Ничего я не прочел в глазах коммуниста и ушел с тревогой. Идя на квартиру, я старался сообразить какие могут быть причины к моему аресту. По службе — никаких. По профсоюзу — никаких, ибо взносы плачу исправно, от нагрузок освобожден, как элемент кочующий. Нет, с этой стороны все в порядке. Остается еще один пункт — Устькаменогорск. Если открыли мое местопребывание и сообщили в здешнее ГПУ? Но что именно могли они сообщить из Устькаменогорска? Дальше начиналась область гаданий и всяческих предположений. Однако, я бросил это бесполезное занятие и предпочел выжидать.
Работы мои подходили к концу. Я перебрался в дачное местечко Макопсе (километрах в двенадцати от Туапсе) и поселился в избушке у переселенца, невдалеке от морского берега и у самого шоссе. Работать пришлось очень много, ибо подгоняли меня усердно. За мельканием дней и ночей я забыл о своих опасениях и думал только об одном — как бы скорей свалить с шеи надоевшую и мне работу. Спал я около избушки под развесистым орехом, вставал с восходом солнца и ложился глубокой ночью.
Уже в конце работы мне нужно было увидать Жукова. Я поехал по Сочинской дороге в Туапсе. Мотаясь по прокуренным кабинетам всякого начальства, ведя нудные деловые переговоры, я, наконец, решил передохнуть. Оставалось только еще найти Жукова. В комнате землеустроителей я нашел Эпаминонда Павловича.
— Где бы мне найти Сергея Васильича? — обратился я к нему.
Эпаминонд Павлович нахмурился.
— Ему не повезло. Уже вторая неделя пошла, как он арестован и сидит в подвале.
У меня заныло сердце. Эпаминонд Павлович продолжал:
— Аресты не только не прекращаются, но еще усиливаются. Связывают их с убийством Войкова и называют «Войковским набором». Среди арестованных попадаются и лица близкие к партии, и комсомольцы, местные крестьяне, беспартийная интеллигенция.
Я возвратился к себе встревоженным. Однако, здесь нет волнующих слухов, а работа не давала возможности о них думать. Зав опять меня усиленно подгонял с работою. И опять мне это показалось подозрительным.
26 августа 1927 года я лег в постель под своим ореховым деревом по обыкновению поздно, чрезвычайно утомленным работой и тотчас заснул. Сколько я спал, сказать трудно. Меня разбудил странный шорох. Я открыл глаза и среди зелени кустов в утреннем полусумраке увидел какие-то фигуры, шедшие ко мне из леса.
Я приподнялся на постели.
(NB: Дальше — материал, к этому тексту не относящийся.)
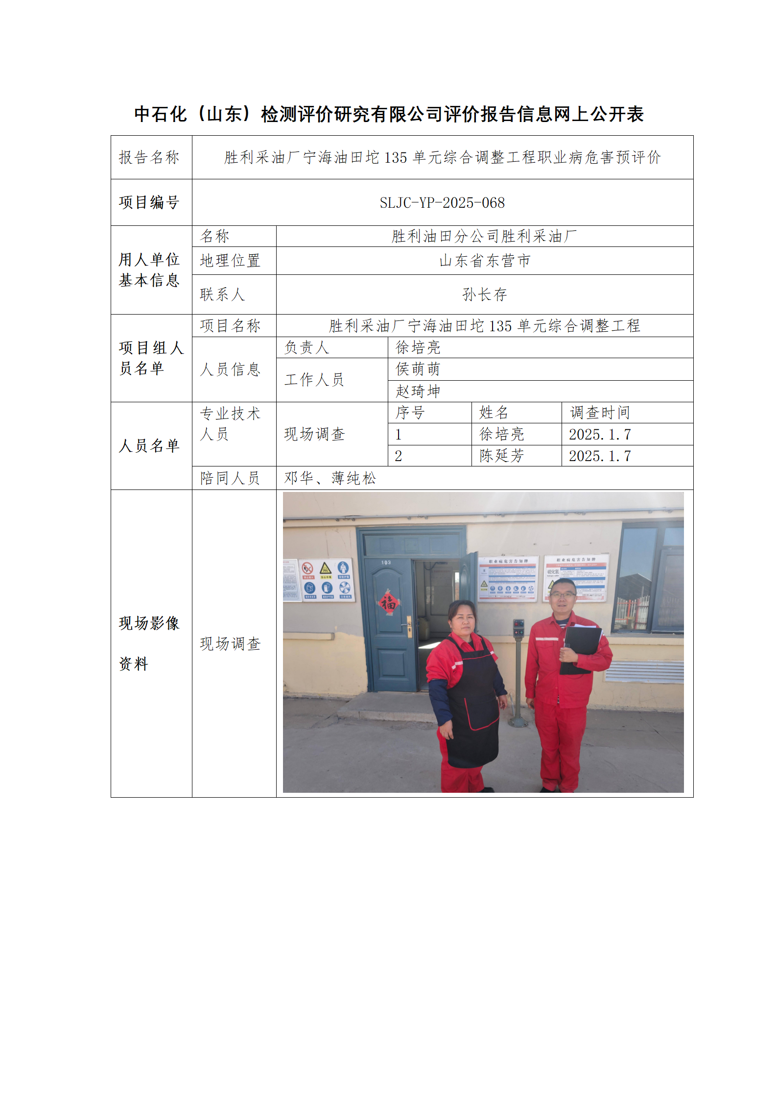 胜利采油厂宁海油田坨135单元综合调整工程职业病危害预评价

Фигуры подвинулись ближе ко мне и я разлячил ясно трех вооруженных пограничников и с ними краскома [2].
— Кто здесь живет? — обратился ко мне краском. Я понял все; значит пробил мой час.
— Дубинкин. Землемер Дубинкин.
— Мне нужно сделать у вас обыск.
Я живо оделся и пошел вместе с командиром в мою избушку. Обыск продолжался недолго. Командир потребовал мою частную переписку, просмотрел письма, мною полученные и два из них взял. Письма были от жены и в обращении в них мое настоящее, не вымышленное имя.
— Значит донесли, — мелькнуло у меня.
— Я должен доставить вас в Туапсе, — сказал командир и поручил меня красноармейцу конвоиру. Простившись с заплаканной женой, я покинул свое убежище на долгие годы, а может быть и навсегда.
Мы шли вдоль морского берега. Море нежилось под лучамы восходящего солнца и ленивая тихая волна чуть плескалась у песчанных берегов. В прозрачном, чистом воздухе реяли птицы и крепкий соленый запах моря перебивал нежные ароматы цветов.